Announcments
- Miller's Law and the Magical Number Seven, Plus or Minus 2 - Our working memory as humans is essentially 7 (plus or minus 2) things simultaneously. We can "chunk" ideas into groups to increase our RAM (this is why we have units). "Chunking" is a very personal thing and requires individual organization of content into meaningful "chunks". After you have completed 80% of the objectives on a quiz, one thing you might do for an SDL is to create a lesson plan that "chunks" together the ideas from the unit. Then share that lesson plan (with actual people, record yourself teaching it and start a YouTube channel, TikTok the unit in 15 second chunks, etc.).
- Zone of Proximal Development - Out of Class Group Study Suggestion - Your goal: Discover what your questions are. This requires we attempt something first so we know where our boundaries are. I highly recommend working with others, and as you do so, work on problems that no one yet has started. Each work on it by yourself, and then ask questions of each other as soon as you have them. If you meet during my office hour times, and you can't answer your questions together, swing by my office and invite to join you.
Brain Gains
- If I know that $\vec F=\left<1,1,6\right>$ and $\text{proj}_{\vec d} \vec F = \left<-1,3,4\right>$, then state $\vec F_{\perp \vec d}$.
Solution
$\vec F_{\perp \vec d} = \vec F - \vec F_{\parallel \vec d} = \left<1,1,6\right>-\left<-1,3,4\right>=\left<2,-2,2\right>$. Note that $\vec F_{\parallel \vec d} \cdot \vec F_{\perp \vec d}=0$ which should be the case (why?).
- Draw $\ds \frac{u^2}{16}+\frac{v^2}{25}=1$ in the $uv$-plane.
Solution
This is an ellipse, centered at the origin, passing through $u=\pm4$ and $v=\pm5$.
- Draw $\ds \frac{(x-2)^2}{16}+\frac{(y-3)^2}{25}=1$.
Solution
This is the same ellipse as above, though this time in the $xy$-plane, translated so the center is at $(2,3)$.

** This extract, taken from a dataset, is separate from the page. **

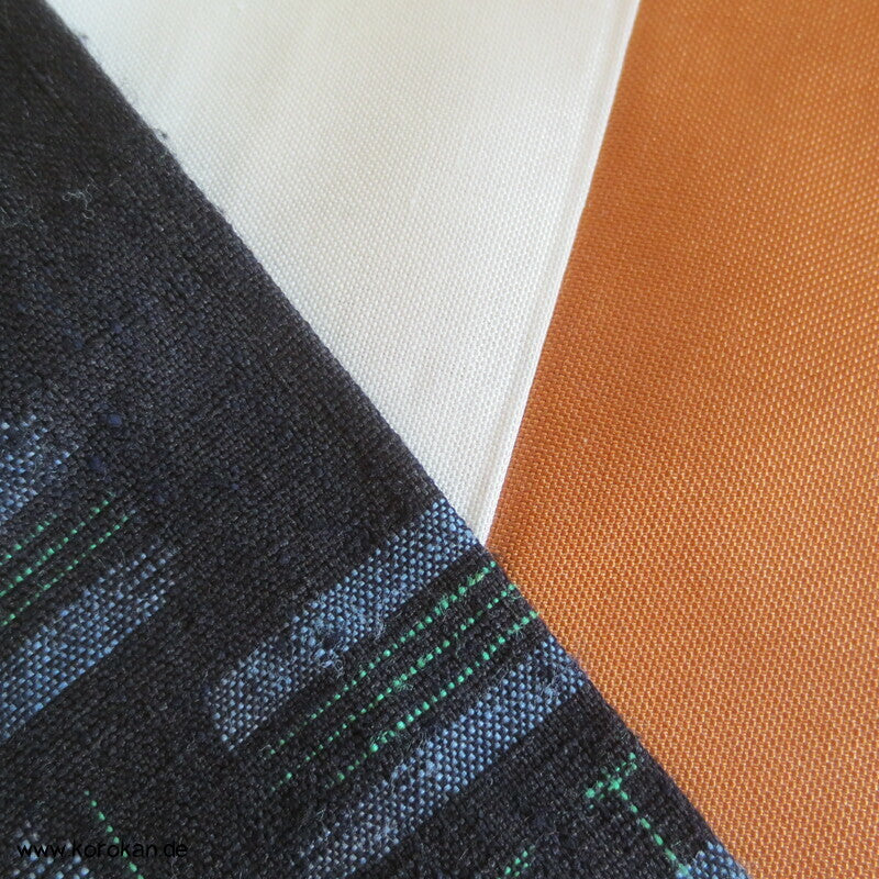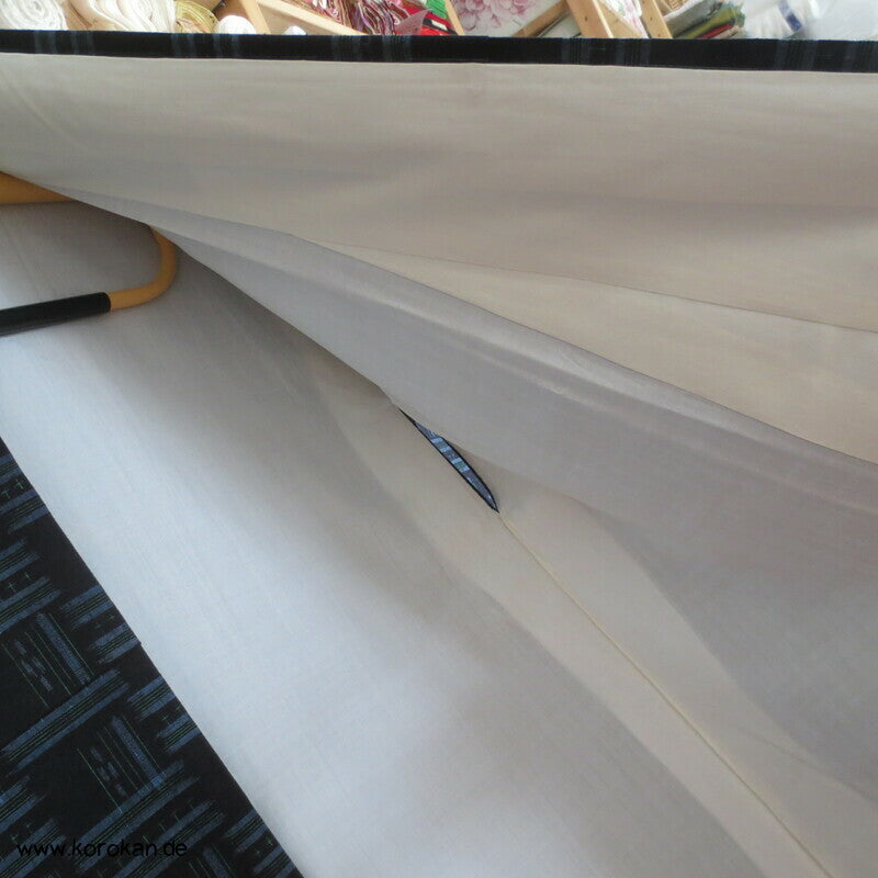 Vintage Kasuri garngefärbtes Webnuster Gitterkaro Tsumugi Seide Komon, oberes Futter hell, unteres Hakkake Futter kupferorange Honan Seide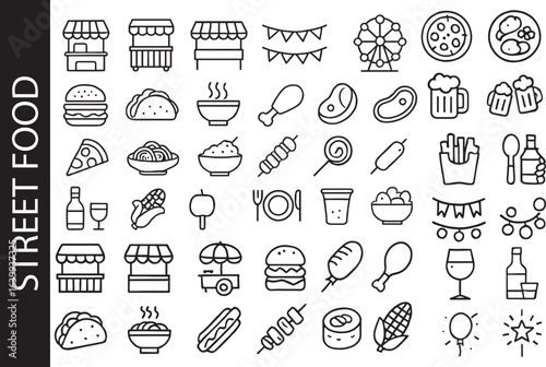 Food Festival & Street Food Line Icon Set. Carnival, Fair & Food Truck Symbols.

- Give a change-of-coordinates (so equations for $x$ and $y$ in terms of $u$ and $v$) that would transform $\ds \frac{u^2}{16}+\frac{v^2}{25}=1$ into $\ds \frac{(x-2)^2}{16}+\frac{(y-3)^2}{25}=1$.
Solution
The two equations become the same under the substitution $u=x-2$ and $v=y-3$. Solving for $x$ and $y$ gives $$x=u+2, y=v+3.$$ This change-of-coordinates causes the graph in the $uv$-plane to move right 2 and up 3, which is precisely what we saw in our graphs.
Group problems
- Draw the vector field $\vec F(x,y) = \langle2x+y,x+2y\rangle$. (Based at $(x,y)$, draw the vector $\langle2x+y,x+2y\rangle$.)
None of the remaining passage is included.